I’ve just finished the last updates on my main website for Tallinn, Estonia. The last significant chapter to go up was this one for Patarei prison, based on my visit to the place at the end of July this year. I already featured a couple of Patarei photos in this general Baltics post on this Blog that I uploaded in August. However, Patarei is such a photogenic place that it really deserves another post of its own. See also the photo gallery on the website. Here I’ll reproduce a couple from that gallery in a somewhat different format and will add several extras not featured on the website, since in contrast to that more encyclopaedic site this blog is frequently more about the visual (rather than about museum narratives).

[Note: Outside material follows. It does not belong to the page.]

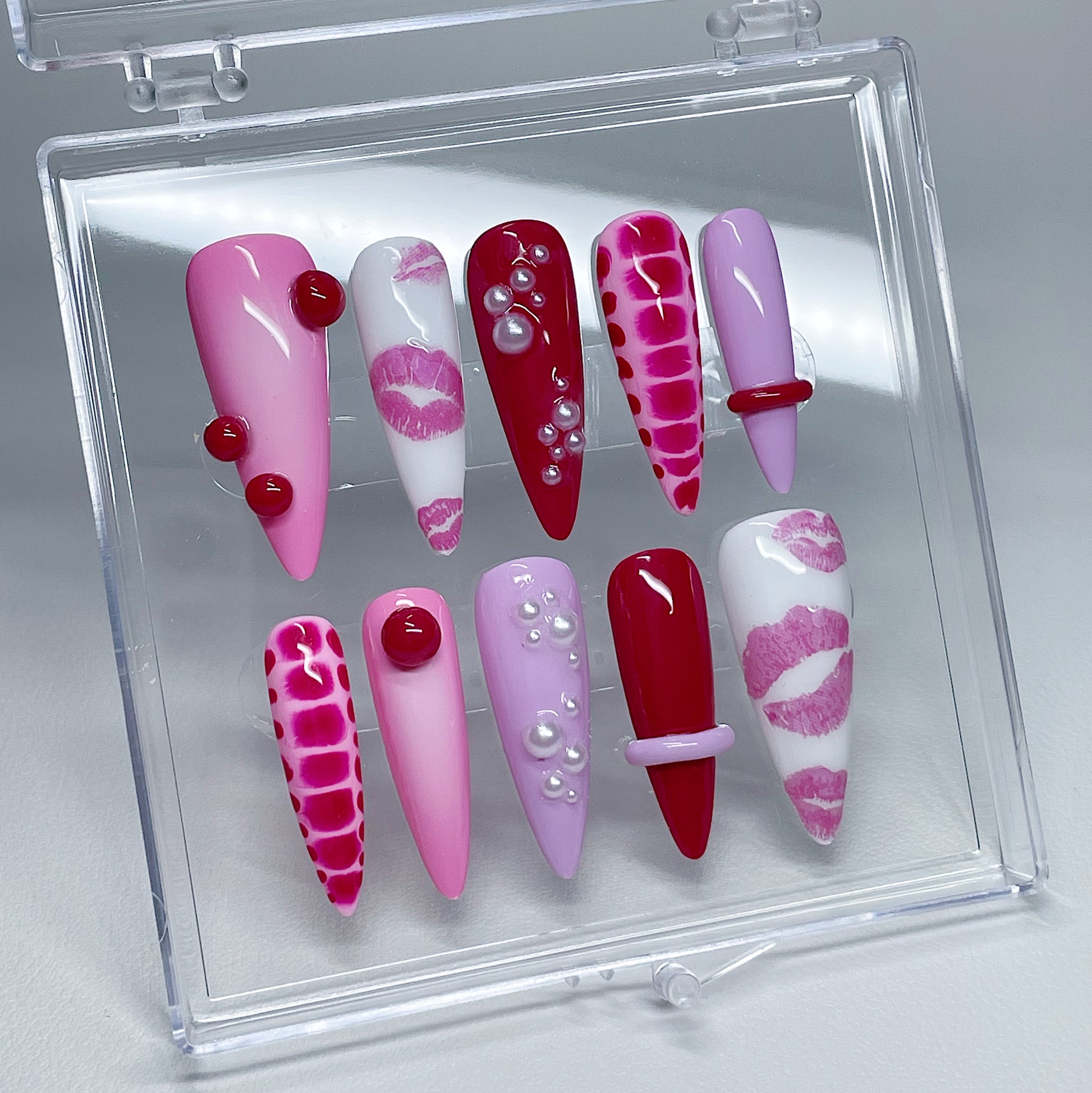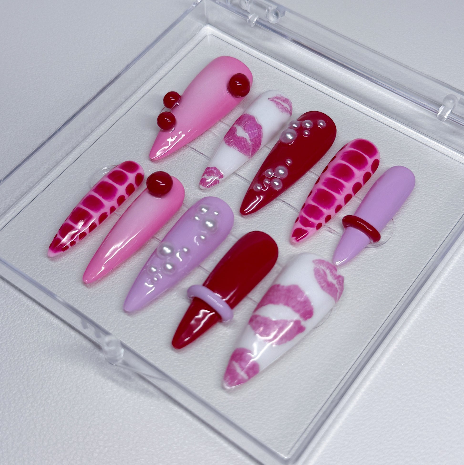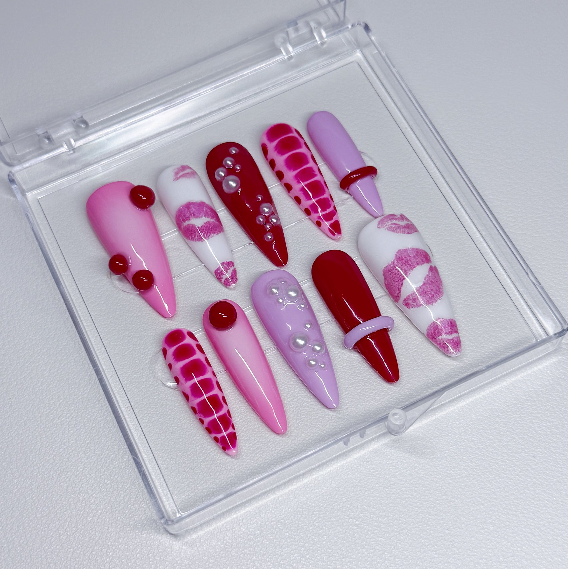 Your pressie set comes with 10 reusable press on nails as pictured, instructions on how to apply and remove your pressies, and an application kit containing everything you need for a seamless application!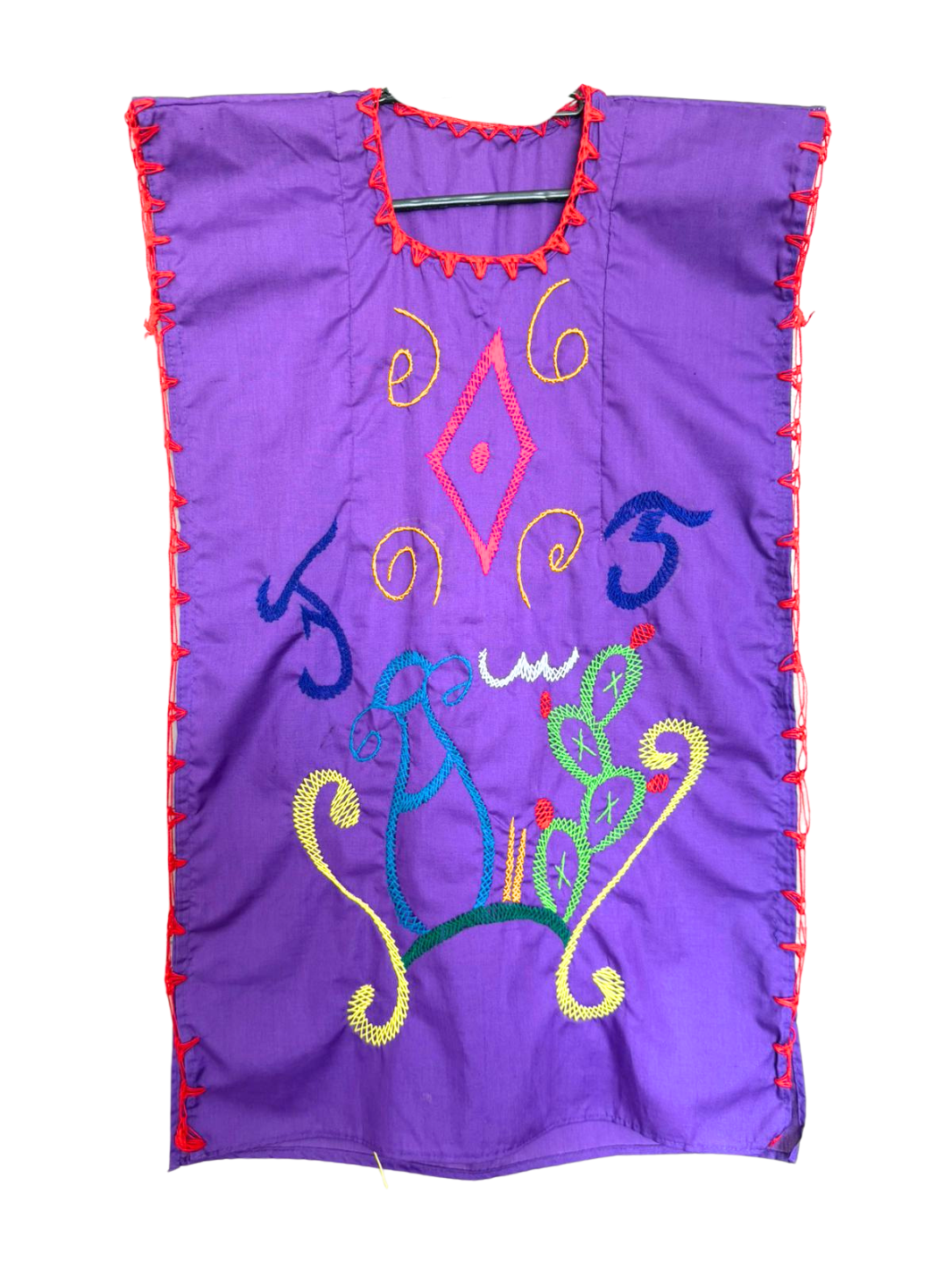 El wsyuushein o manta Wayuu original es un símbolo representativo de la cultura guajira. Estas diseñadas para bebes mantienen las características tradicionales: sus bordados, los colores y la amplitud para que quede suelta al cuerpo.

Consider for instance this atmospheric photo taken at the outdoor “tiger cage” cells – this one featured an artistic representation of a female prisoner:
Inside, the prison became even more photogenic – in that dark way. Like this grim cell tract corridor in the main building:
Also part of the museum is the ground floor of one of the annexes to the old prison building. Inside you can see a number of single-occupancy cells, such as this one:
Upstairs in the main wing the cells were much larger and used to be more communal, with multiple bunk beds like these:
You’d be forgiven if you came to the conclusion from the absence of any people in my shots that I had the place all to myself. In fact, though, nothing could be further from the truth. It was actually really busy when I was there. But I always go to great pains to ensure my shots do not have anybody in them, if at all possible. Sometimes this means having to wait a long time for people to move on.
Along the main corridor were a few guard posts, such as this one:
This one could even be entered, so I assumed the guard’s position to check the view from in there out into the corridor:
One of the most atmospheric shots I manage to get in, I think, is this one of a barred prison window with net curtains (who would ever have expected that inside a prison cell tract!):
Another beautiful image (in that beauty-in-decay sense) of a prison window is this:
This photo, had I already had it, could have been one to feature in the broken-glass themed post from 23 February this year.
Back outside, actually just outside the premises, this is a view of one of the many rusty-metal watchtowers you find at Patarei (same as on the featured photo at the top of this post):
… or maybe this should have been “watchtowers you can still find at Patarei”. That’s because the place is changing. There are some big plans afoot for the future (more about that in a bit), and some changes have already occurred. Consider for instance this photo taken from the road showing the west wing of the complex (the museum is in the east wing):
You can see that the chimney stack on the left is now free-standing in the middle of an empty space. This used to look very different. Compare that with this photo I took back in 2014 during my first visit to Tallinn:
If you look closely at the top of the chimney stack you can also see that it seems to have been repaired. From newer photos I’ve seen I also know that the chimney now bears the letters “Merekindlus”, meaning ‘sea fortress’ in Estonian. This is also the name of the project for the future of the site. This is a twofold project. On the one hand, the museum exhibition in the east wing will be upgraded and expanded to become an “International Museum for the Victims of Communism” (see also Maarjamäe). The website promises, though, that the original cells will be preserved.
However, and on the other hand, the plans for the rest of the large complex have far less to do with preservation. Rather the opposite. The idea is to convert it into a rather commercial mixed-use site with offices/businesses, restaurants, shops, entertainment facilities and apartments and the inner courtyards are to be covered by glass roofs, thus altering the appearance of the ex-prison substantially.
This poster by the entrance to the inner large courtyard (which currently is used by artists and pop-up food stalls) features a glimpse of that future:
They call it “the future is beautiful”, but I find it rather sad that apparently only such a degree of commercialization is considered “beautiful” (you can also get more details from the associated website – external link).
And a lot has been lost in terms of dark-tourism appeal already. Interestingly, you can travel back in time, as it were, by means of the photos you can still find online, such as on Google Maps (see here). In the past, when Patarei was more of an urbexing attraction, you could even see the abandoned hospital of the complex. This is presumably either already gone or will be removed in the course of the commercial conversion. The same will probably apply to the abandoned library that shows up on some photos or to the many examples of artful graffiti. These photos were mostly taken between 2014 and 2017; one from 2021 shows workers in high-vis vests clearing away debris …
Already gone for definite is the system of yet more outdoor “tiger cages” that used to fill the inner courtyard (where the pop-up arty scene is now). These were branching off a central corridor and with a guard walkway above. You can also find some good photos of Patarei as it used to be on the abandonedspaces website (external link).